** Opening Data shown block **

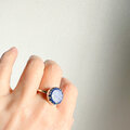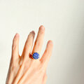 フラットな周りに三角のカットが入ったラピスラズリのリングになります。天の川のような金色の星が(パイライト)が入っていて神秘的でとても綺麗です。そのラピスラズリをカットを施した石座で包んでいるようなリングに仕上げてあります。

** Closing Data shown block **
** Opening Data shown block **

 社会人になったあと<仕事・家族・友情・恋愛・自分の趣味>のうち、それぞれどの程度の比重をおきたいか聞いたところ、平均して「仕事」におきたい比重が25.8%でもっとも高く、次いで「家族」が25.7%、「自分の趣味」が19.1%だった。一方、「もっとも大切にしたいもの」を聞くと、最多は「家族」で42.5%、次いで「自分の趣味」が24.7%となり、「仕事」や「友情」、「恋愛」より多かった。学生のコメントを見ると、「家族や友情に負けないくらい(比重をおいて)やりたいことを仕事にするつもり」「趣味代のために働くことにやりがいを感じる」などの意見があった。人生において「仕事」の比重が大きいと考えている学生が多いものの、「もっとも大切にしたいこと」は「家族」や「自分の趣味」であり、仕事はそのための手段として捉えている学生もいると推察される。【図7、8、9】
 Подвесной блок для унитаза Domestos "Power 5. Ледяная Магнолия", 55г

** Closing Data shown block **
** Opening Data shown block **

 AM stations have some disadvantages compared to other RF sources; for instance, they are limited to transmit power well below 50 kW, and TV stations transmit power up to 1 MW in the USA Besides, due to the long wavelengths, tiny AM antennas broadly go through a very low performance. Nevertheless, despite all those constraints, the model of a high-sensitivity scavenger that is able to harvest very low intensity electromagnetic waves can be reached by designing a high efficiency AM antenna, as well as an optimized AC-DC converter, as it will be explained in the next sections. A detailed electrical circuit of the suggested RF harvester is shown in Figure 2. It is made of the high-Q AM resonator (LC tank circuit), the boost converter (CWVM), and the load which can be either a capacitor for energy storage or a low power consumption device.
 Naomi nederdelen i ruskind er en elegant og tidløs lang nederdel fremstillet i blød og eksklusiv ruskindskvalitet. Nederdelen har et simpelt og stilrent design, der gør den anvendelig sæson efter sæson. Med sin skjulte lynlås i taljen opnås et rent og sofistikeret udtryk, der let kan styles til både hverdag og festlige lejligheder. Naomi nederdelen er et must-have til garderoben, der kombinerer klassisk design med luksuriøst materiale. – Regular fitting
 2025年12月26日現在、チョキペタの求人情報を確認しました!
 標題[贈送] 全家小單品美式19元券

** Closing Data shown block **

▶ [Task details]: From the entries above, write out only the lines starting at the line that holds "AM stations have" and ending at the line that holds "標題[贈送] 全家小單品美式19元券", keeping both and matching them exactly.

▶ [The completed task]:
 AM stations have some disadvantages compared to other RF sources; for instance, they are limited to transmit power well below 50 kW, and TV stations transmit power up to 1 MW in the USA Besides, due to the long wavelengths, tiny AM antennas broadly go through a very low performance. Nevertheless, despite all those constraints, the model of a high-sensitivity scavenger that is able to harvest very low intensity electromagnetic waves can be reached by designing a high efficiency AM antenna, as well as an optimized AC-DC converter, as it will be explained in the next sections. A detailed electrical circuit of the suggested RF harvester is shown in Figure 2. It is made of the high-Q AM resonator (LC tank circuit), the boost converter (CWVM), and the load which can be either a capacitor for energy storage or a low power consumption device.
 Naomi nederdelen i ruskind er en elegant og tidløs lang nederdel fremstillet i blød og eksklusiv ruskindskvalitet. Nederdelen har et simpelt og stilrent design, der gør den anvendelig sæson efter sæson. Med sin skjulte lynlås i taljen opnås et rent og sofistikeret udtryk, der let kan styles til både hverdag og festlige lejligheder. Naomi nederdelen er et must-have til garderoben, der kombinerer klassisk design med luksuriøst materiale. – Regular fitting
 2025年12月26日現在、チョキペタの求人情報を確認しました!
 標題[贈送] 全家小單品美式19元券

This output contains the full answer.